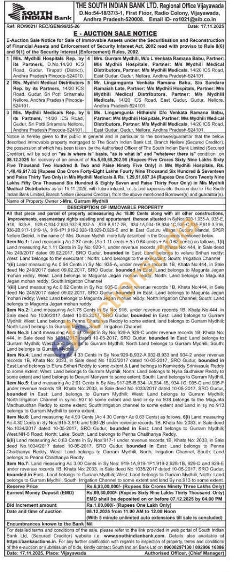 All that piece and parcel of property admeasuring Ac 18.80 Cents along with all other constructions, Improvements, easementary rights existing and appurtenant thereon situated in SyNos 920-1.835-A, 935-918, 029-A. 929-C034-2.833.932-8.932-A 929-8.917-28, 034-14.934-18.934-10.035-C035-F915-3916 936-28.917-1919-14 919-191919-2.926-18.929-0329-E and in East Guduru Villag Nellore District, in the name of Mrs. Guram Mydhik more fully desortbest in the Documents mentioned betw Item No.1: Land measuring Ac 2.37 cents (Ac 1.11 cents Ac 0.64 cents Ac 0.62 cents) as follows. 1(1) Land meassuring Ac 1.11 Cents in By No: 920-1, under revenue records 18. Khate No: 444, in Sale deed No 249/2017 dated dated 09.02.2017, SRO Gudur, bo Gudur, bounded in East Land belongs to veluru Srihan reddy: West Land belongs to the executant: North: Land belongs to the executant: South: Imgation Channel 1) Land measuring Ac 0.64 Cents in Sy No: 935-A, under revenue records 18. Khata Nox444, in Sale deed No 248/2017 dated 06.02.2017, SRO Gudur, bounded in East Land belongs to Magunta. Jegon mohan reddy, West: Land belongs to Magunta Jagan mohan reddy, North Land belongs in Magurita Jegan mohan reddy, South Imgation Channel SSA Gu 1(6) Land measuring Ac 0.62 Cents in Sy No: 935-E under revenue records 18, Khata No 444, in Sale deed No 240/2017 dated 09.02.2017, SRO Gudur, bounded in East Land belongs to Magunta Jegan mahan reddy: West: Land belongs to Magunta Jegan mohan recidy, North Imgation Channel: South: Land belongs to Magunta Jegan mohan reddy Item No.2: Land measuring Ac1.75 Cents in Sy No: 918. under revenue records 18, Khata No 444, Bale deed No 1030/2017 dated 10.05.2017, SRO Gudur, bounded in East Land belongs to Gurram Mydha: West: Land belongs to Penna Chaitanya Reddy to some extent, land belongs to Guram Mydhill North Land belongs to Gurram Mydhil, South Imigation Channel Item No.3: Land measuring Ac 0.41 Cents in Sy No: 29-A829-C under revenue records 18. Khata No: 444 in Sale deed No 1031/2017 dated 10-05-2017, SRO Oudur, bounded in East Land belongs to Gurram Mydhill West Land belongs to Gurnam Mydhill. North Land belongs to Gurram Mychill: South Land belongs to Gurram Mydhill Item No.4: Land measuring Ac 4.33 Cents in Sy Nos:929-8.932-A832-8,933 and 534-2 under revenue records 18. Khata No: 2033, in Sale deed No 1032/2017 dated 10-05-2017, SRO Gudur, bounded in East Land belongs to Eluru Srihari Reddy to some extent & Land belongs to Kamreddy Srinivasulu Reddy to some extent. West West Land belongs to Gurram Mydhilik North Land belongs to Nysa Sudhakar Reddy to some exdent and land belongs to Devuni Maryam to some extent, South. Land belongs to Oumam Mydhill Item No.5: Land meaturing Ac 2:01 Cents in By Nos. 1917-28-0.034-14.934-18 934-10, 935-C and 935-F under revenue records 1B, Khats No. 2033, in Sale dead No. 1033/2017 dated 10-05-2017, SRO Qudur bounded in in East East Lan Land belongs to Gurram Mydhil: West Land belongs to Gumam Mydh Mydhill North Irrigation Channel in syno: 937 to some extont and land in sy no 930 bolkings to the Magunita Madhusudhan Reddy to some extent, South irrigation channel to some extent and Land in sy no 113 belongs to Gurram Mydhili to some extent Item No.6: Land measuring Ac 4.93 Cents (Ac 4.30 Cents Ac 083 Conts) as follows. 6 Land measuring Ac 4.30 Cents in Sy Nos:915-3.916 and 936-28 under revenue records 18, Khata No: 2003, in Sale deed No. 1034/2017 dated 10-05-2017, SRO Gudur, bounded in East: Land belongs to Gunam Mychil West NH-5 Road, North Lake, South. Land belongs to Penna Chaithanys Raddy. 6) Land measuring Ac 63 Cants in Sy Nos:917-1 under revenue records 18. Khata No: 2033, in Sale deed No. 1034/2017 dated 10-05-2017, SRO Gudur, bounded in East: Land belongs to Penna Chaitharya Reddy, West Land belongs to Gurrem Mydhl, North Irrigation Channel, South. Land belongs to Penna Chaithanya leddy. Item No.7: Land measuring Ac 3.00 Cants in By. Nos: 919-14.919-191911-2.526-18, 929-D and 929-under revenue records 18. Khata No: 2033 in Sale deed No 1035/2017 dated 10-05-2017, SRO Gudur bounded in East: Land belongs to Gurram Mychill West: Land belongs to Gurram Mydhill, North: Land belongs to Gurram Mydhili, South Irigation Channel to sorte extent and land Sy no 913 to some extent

==

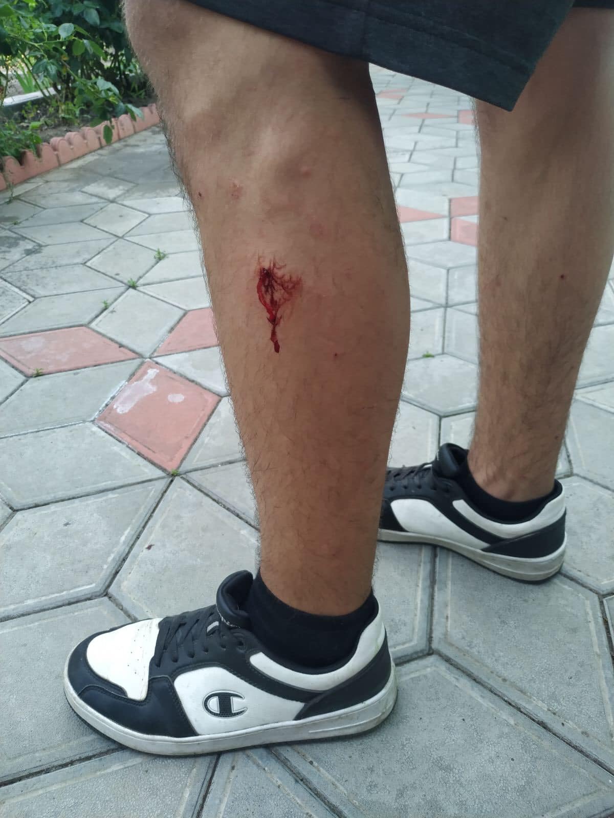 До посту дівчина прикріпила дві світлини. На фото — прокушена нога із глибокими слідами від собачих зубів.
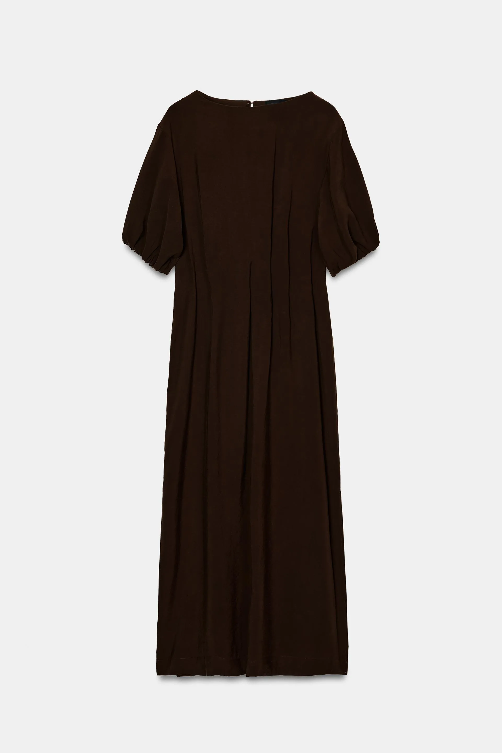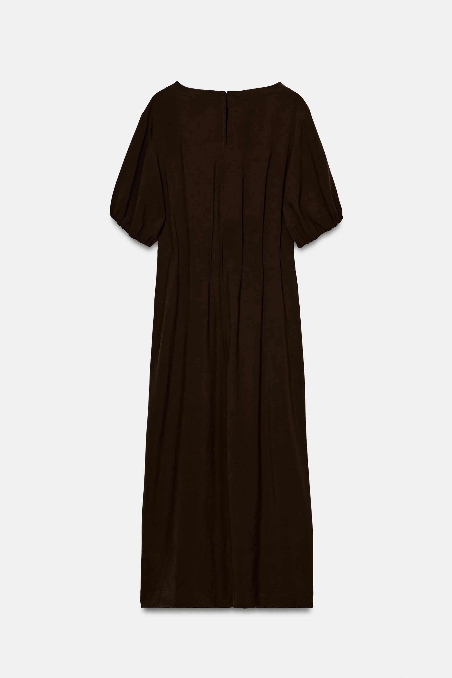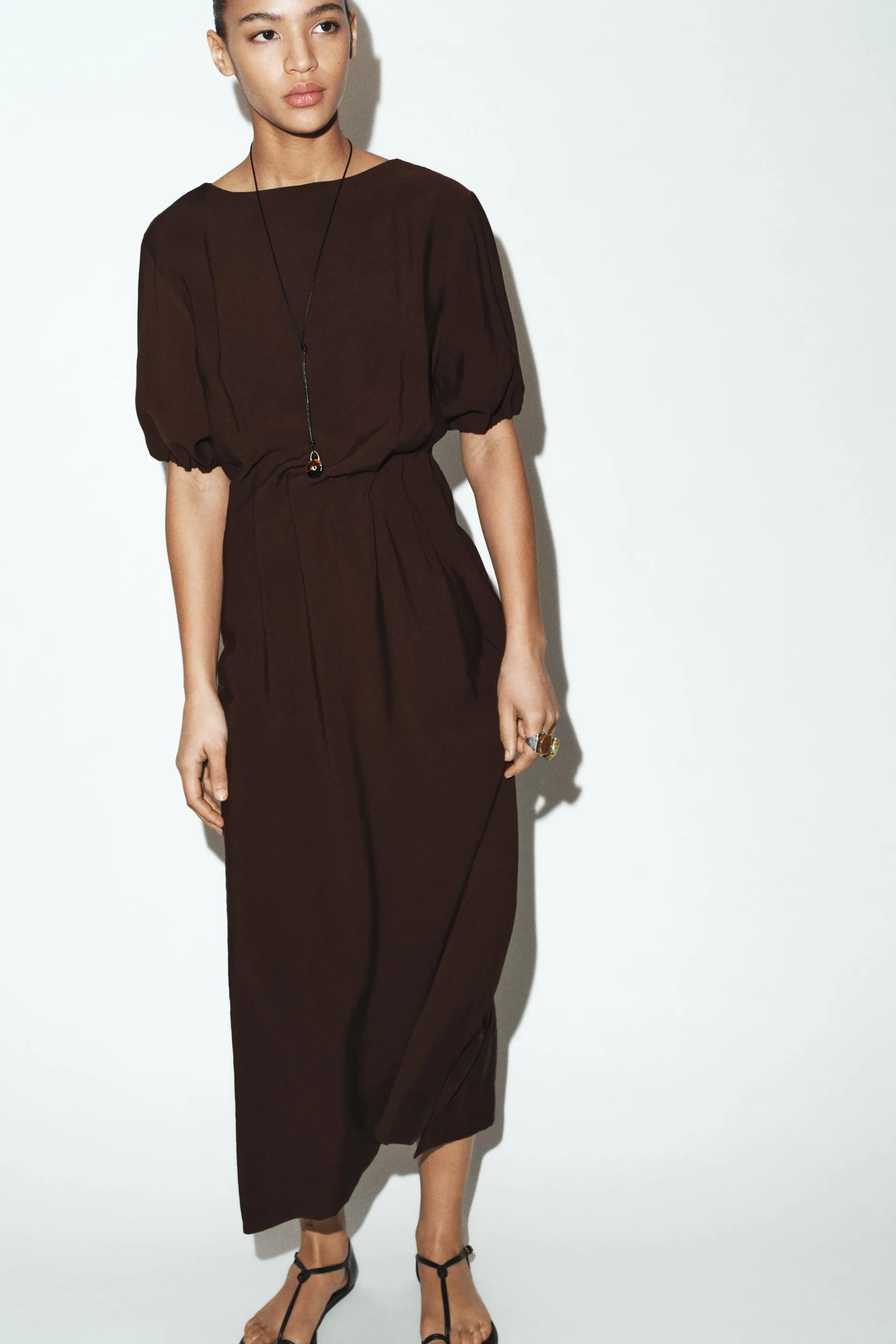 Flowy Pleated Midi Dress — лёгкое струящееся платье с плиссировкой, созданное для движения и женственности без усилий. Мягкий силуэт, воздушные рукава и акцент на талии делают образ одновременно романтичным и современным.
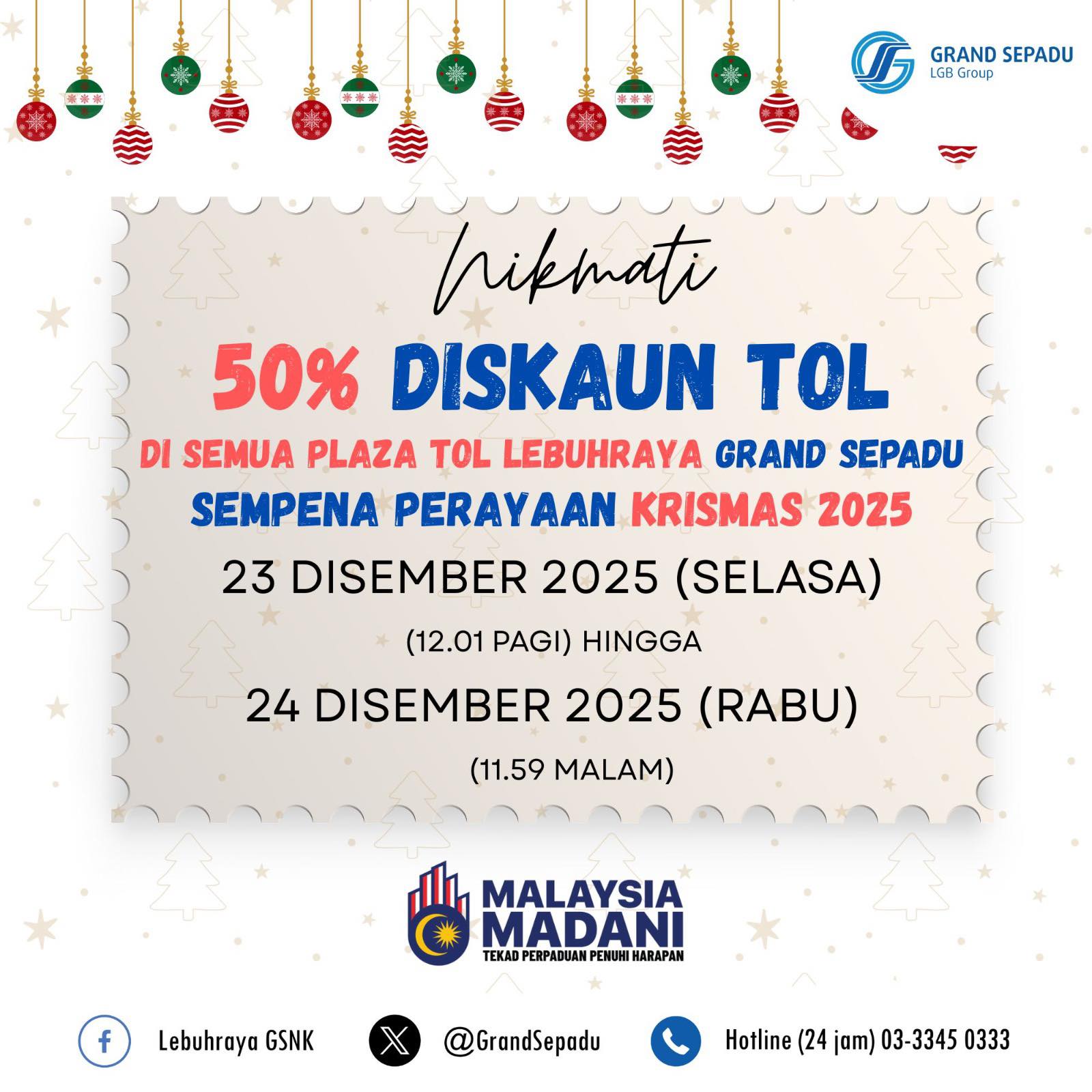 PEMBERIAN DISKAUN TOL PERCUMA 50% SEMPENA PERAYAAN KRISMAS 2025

(EXERCISE AIM):
Return only the part above that opens with the line containing "Flowy Pleated Midi" and closes with the line containing "PEMBERIAN DISKAUN TOL", exactly and with both ends, skipping the pictures.

(ANSWER TO THIS TASK):
 Flowy Pleated Midi Dress — лёгкое струящееся платье с плиссировкой, созданное для движения и женственности без усилий. Мягкий силуэт, воздушные рукава и акцент на талии делают образ одновременно романтичным и современным.
 PEMBERIAN DISKAUN TOL PERCUMA 50% SEMPENA PERAYAAN KRISMAS 2025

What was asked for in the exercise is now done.